Κυριακή 26 Δεκεμβρίου 2010

Another Balkan candidate


the economist

Montenegro and the European Union

Despite its new candidate status, Montenegro is far from joining the EU

Dec 16th 2010 PODGORICA from PRINT EDITION

EUROPEAN Union leaders were expected this week to grant Montenegro the formal status of candidate. It will join two other western Balkan countries: Macedonia, whose negotiations are blocked by its name dispute with Greece, and Croatia, which is close to membership. Progress in one country encourages others. A year ago Serbia, Montenegro and Macedonia gained visa-free access to the EU’s 25-country Schengen area. This week Albania and Bosnia joined them, so only Kosovars still need visas.
But Montenegrins have also been told that lots of work remains before they join the EU. Passing laws is good, says the European Commission, but implementation matters more. Such criticism has not ruffled feathers in Podgorica. The commission opinion was “quite fair”, says Slavica Milacic, chief adviser to Milo Djukanovic, the prime minister. Mr Djukanovic, who led Montenegro to independence in 2006, has long signalled that he plans to quit. Now that he has won candidate status for his country he might go soon, handing over to Igor Luksic, his deputy. Mr Djukanovic may hope to keep influence behind the scenes, although he knows that Ivo Sanader, his former counterpart in Croatia, tried and failed to do this (and now stands accused of massive corruption).
Montenegro has a lot on its plate. A Serbian newspaper claims that Darko Saric, an alleged cocaine trafficker on trial in absentia, spent some of this year living in a luxury hotel on the Montenegrin coast. Milorad Veljovic, chief of the Serbian police, said that Mr Saric could not be the real boss of the gang, a remark taken to mean that it was a controversial Montenegrin businessman. Montenegrin officials say these are Serbian slurs and insist they are doing all they can to clamp down on organised crime. Last month they arrested Mr Saric’s brother, at Italy’s request, as part of a co-ordinated operation involving over 80 arrests in Italy, Montenegro and Slovenia.

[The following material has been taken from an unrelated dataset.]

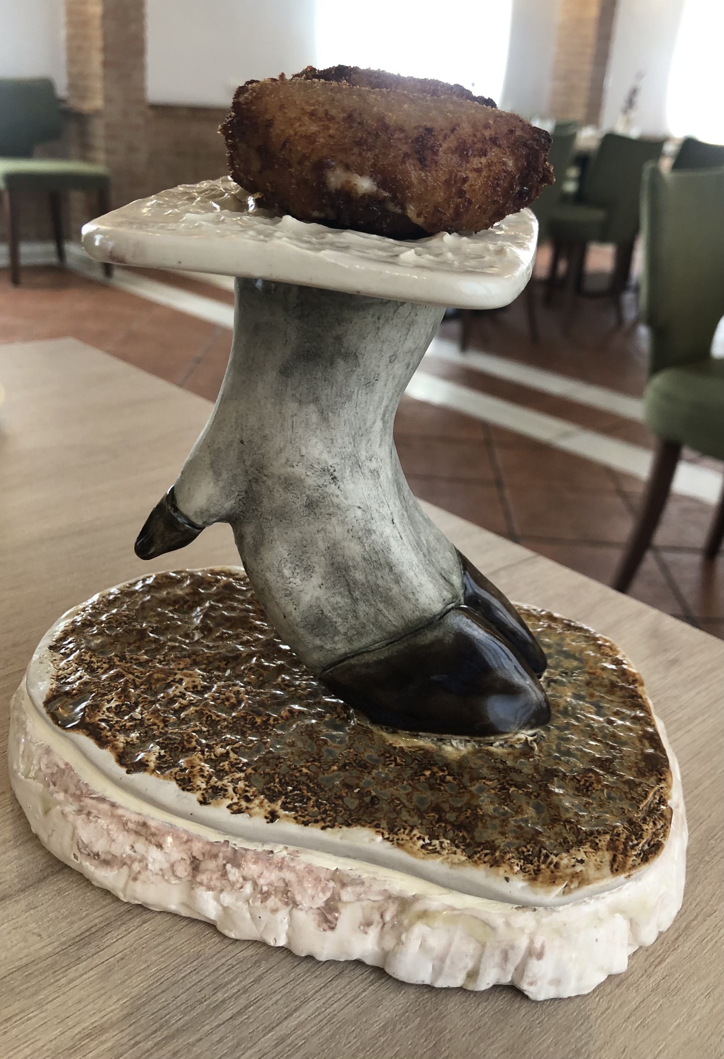 Y la premiada Croqueta artesana de jamón ibérico Finalista Mejor Croqueta de España Madrid Fusión 2024, en una curiosa presentación

Drugs are not the only issue. In November Italy and Montenegro agreed to build an undersea cable to let Montenegro export electricity. The country does not yet have enough electricity for itself, let alone for export. Plans to build four dams on the Moraca river could solve that. But Darko Pajovic of Green Home, an NGO, says the project would have a bad environmental impact and likens it to an “African scenario of economic development”. Dejan Mijovic of Forum 2010, another activist group, will seek a judicial review. He notes that, in 2015, the region’s energy market will be liberalised. After that, he says, electricity will flow to richer Italy, meaning that Montenegrins will have to pay more for their power despite spending up to €200m ($267m) on the dams.